6. Limitations and Prospective Directions

While QPlanner abstractions enable rapid development and improved specification fidelity, all present formulations exhibit limitations. In PlaCo, only convex QPs are natively supported, and dynamic constraints are restricted to those linearizable via discrete-time integrators. The vehicle planning QPlanner fixes the outline horizon and currently favors soft over hard enforcement of vehicle kinematic constraints, with performance contingent on quality of DP path under highly dynamic environments. The LLM-based QPlanner prescribes a fixed four-step outline per query; the inability to flexibly vary outline length is identified as a constraint on representational adequacy for complex topics. Further, end-to-end utility is sensitive to downstream retrieval and fact-verification module reliability.

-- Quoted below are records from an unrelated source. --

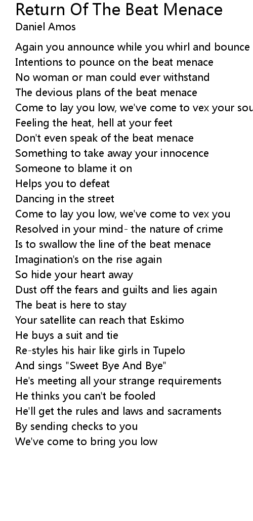 Don't even speak of the beat menace |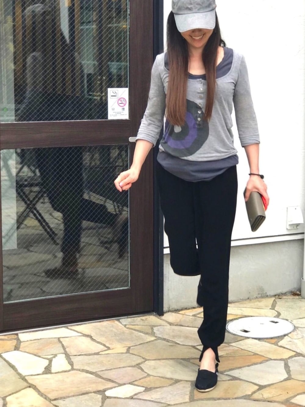 今日は大親友と打合せ😊 ラフ過ぎるstyle💧 イージーパンツは万能👖 ずいぶん昔のtheory限定Tシャツに インTシャツ👕 夏に向けて絞らないと🕶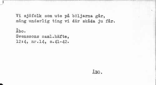 //// / //// m //// Yl sjöfolk som ute på böljarna går, mårig underlig ting vi där skåda ju får. //// Åbo. //// Svenssons saml.häfte, 12:4, nr.14, s.41-42. //// åbo. ////
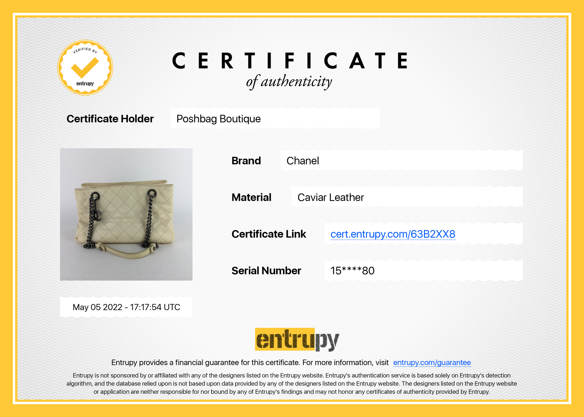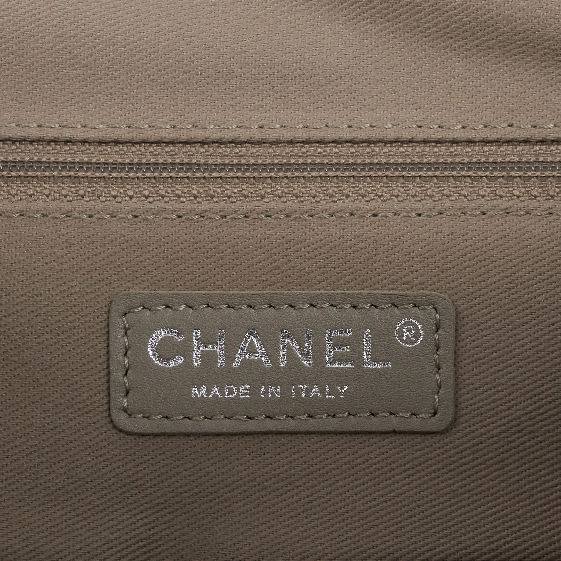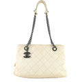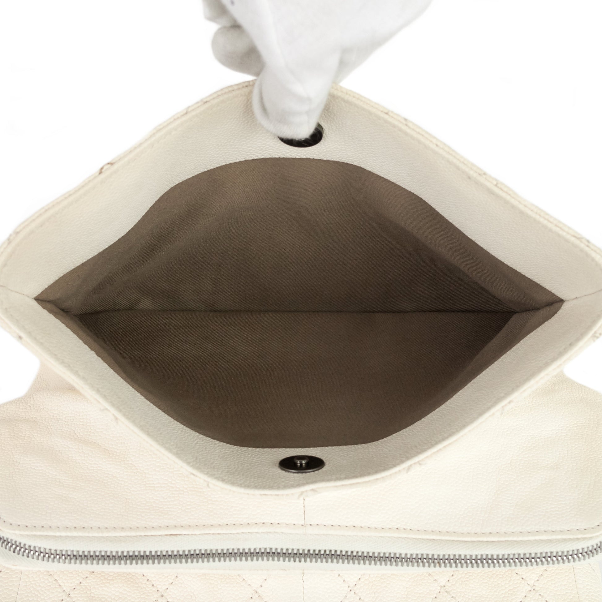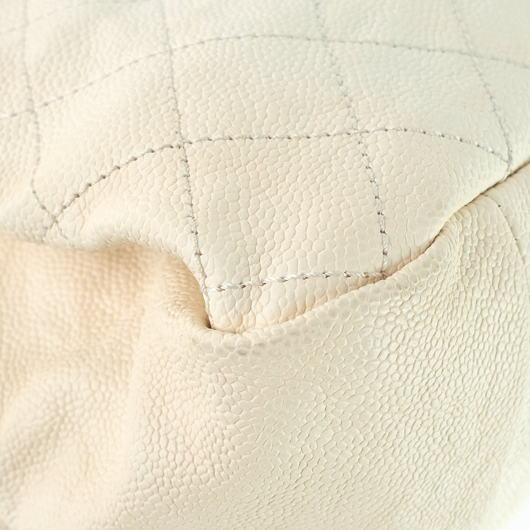 Crafted from pebbled caviar leather with signature diamond quilting, this spacious tote bag features chain straps with leather shoulder rests, ruthenium double-C logo hardware, and a trio of compartments for easy organization.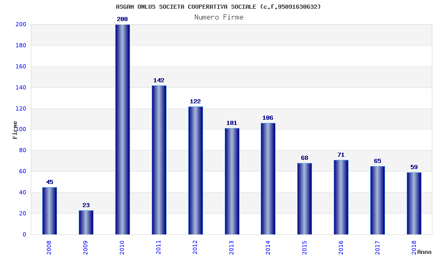 | Anno | Firme | Importi | Media | Naz. | Reg. | Prov. | Comu. |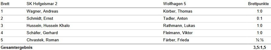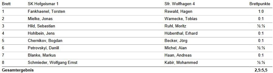 Unser 5. Mannschaft kämpfte aufopferungsvoll, musste sich aber dem Team des SK Hofgeismar 2 geschlagen geben.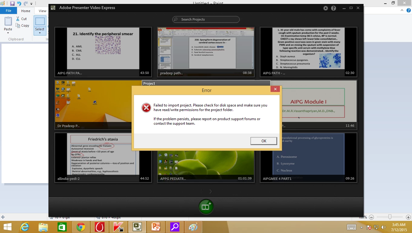 When i am trying to import a Video project , it says " Failed to import project . Please check for disk space and make sure you read/write permissions for the project folder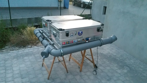 Bei der Suche nach einem geeigneten Auto kam der Zufall zu Hilfe. Vati's geliebter Galaxy Baujahr 1999 ist gerade alt genug für die Tour und wird nun zum Schlafmobil umfunktioniert.Als nützliches Extra wird der Dachgepäckträger um eine Freiland-Dusche ergänzt. Die Koffer, die uns beim Baltic Sea Circle 2017 schon so gute Dienste erwiesen haben, müssen natürlich auch wieder mit. Und so steht er jetzt da und wartet auf den Start ...

This suggests that as QPlanner architectures evolve, future work will entail support for variable-length structure induction, integrated fact-verification (in RAG), handling non-convex or nonlinear dynamics, and richer benchmarking for coverage-conditioned sequence modeling (Kim et al., 2024).

7. Comparative Summary

Domain	Optimization Substrate	Typical Usage
Robotics planning/control (Duclusaud et al., 8 Nov 2025)	Convex QP assembly, IK solvers	Whole-body IK, constrained planning, MPC
Autonomous vehicle (Zhang, 2024)	Hybrid DP (global) + QP (local)	Lane-following, obstacle avoidance, trajectory MPC
RAG/LLMs (Kim et al., 2024)	SFT/DPO fine-tuned transformer	$C^2$ outline generation, RAG query selection

The QPlanner designation thus spans a class of planning and structural reasoning modules facilitating specification-driven optimization or outline selection in high-dimensional or constraint-sensitive contexts, abstracting underlying complexity by mapping user/task requirements to formally tractable representations or sequence outputs.